To calculate the area of the triangle formed by the points \( A(-5, -4) \), \( B(3, -3) \), and \( C(3, 2) \), we can use the formula for the area of a triangle given by its vertices:
\[ \text{Area} = \frac{1}{2} \left| x_1(y_2 - y_3) + x_2(y_3 - y_1) + x_3(y_1 - y_2) \right| \]
where \((x_1, y_1)\), \((x_2, y_2)\), and \((x_3, y_3)\) are the coordinates of the vertices.
Assigning the points:
- \( A(x_1, y_1) = (-5, -4) \)
- \( B(x_2, y_2) = (3, -3) \)
- \( C(x_3, y_3) = (3, 2) \)
Substituting the points into the area formula:
\[ \text{Area} = \frac{1}{2} \left| -5(-3 - 2) + 3(2 - (-4)) + 3((-4) - (-3)) \right| \]

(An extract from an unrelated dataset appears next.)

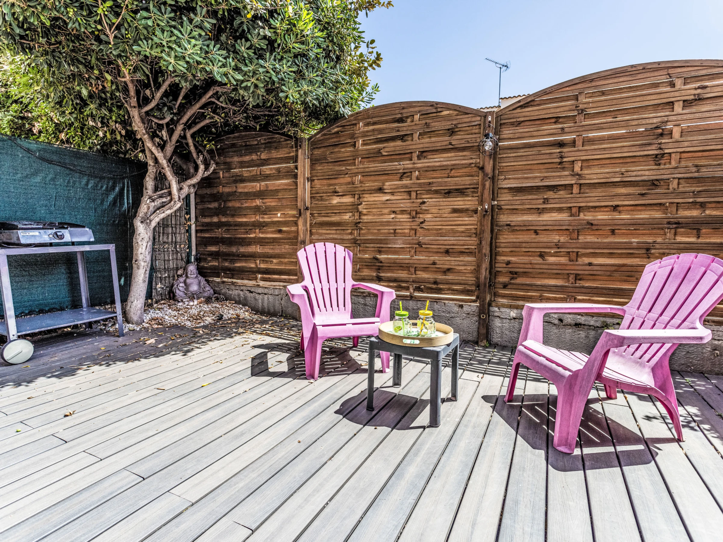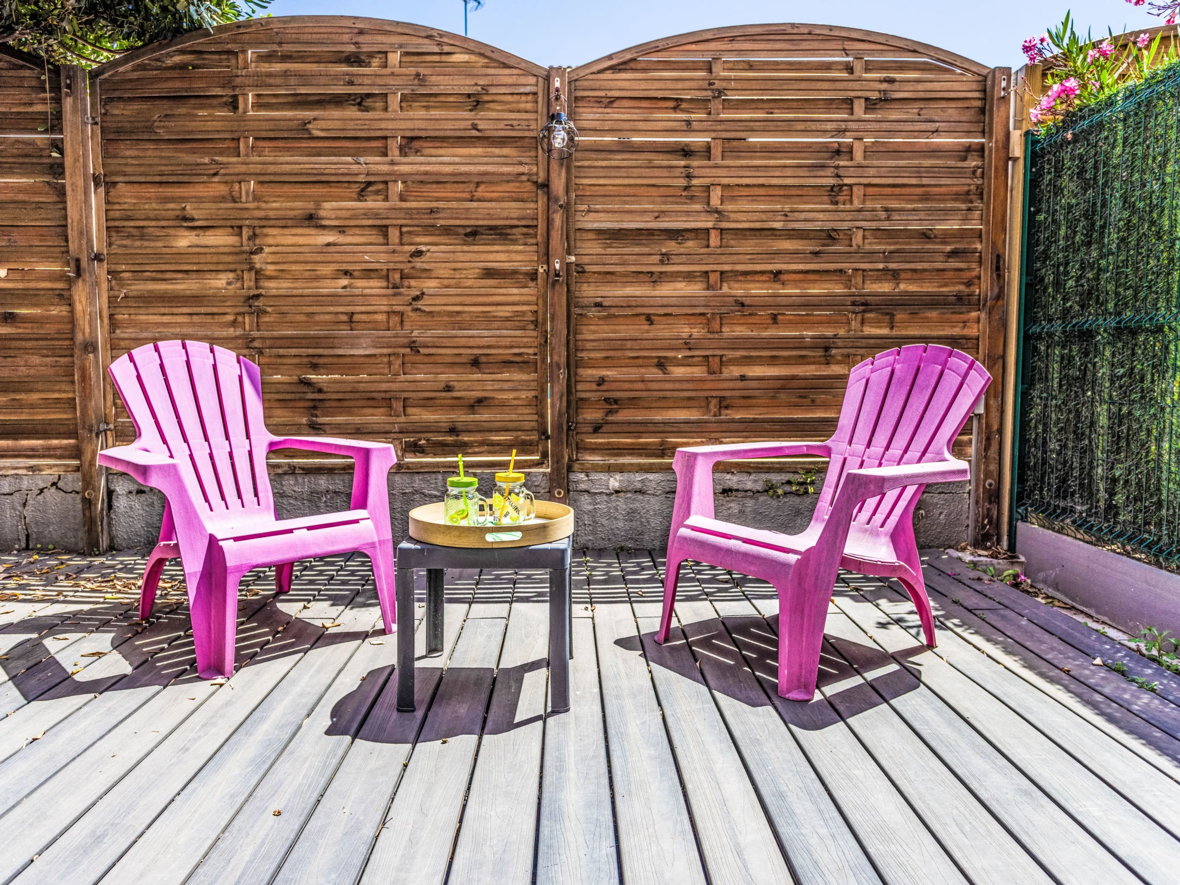 Apt 3 pièces 30 m2, au rez-de-chaussée. Aménagement confortable: séjour/salle à manger avec TV (écran plat). Sortie sur la terrasse. 1 chambre avec 1 grand-lit (140 cm, longueur 190 cm). Cabine avec 1 x 2 lits superposés (90 cm, longueur 190 cm). Coin cuisine (4 plaques de cuisson, four, grille-pain, bouilloire électrique, micro-ondes, cafetière électrique). Douche, WC séparé. Grande terrasse 30 m2. Meubles de terrasse. A disposition: lave-linge. Internet (Connexion WIFI, gratuit). Place de parking No 12. Veuillez noter: détecteur de fumée. Annonce d'un particulier (art 155, IV du CGI).

Calculating each term step by step:
- \( -5(-3 - 2) = -5(-5) = 25 \)
- \( 3(2 - (-4)) = 3(2 + 4) = 3 \times 6 = 18 \)
- \( 3((-4) - (-3)) = 3(-4 + 3) = 3(-1) = -3 \)
Putting it all together:
\[ \text{Area} = \frac{1}{2} \left| 25 + 18 - 3 \right| \] \[ = \frac{1}{2} \left| 40 \right| \] \[ = \frac{1}{2} \times 40 = 20 \]
Thus, the area of Leonardo's triangle is \( \boxed{20} \) square units.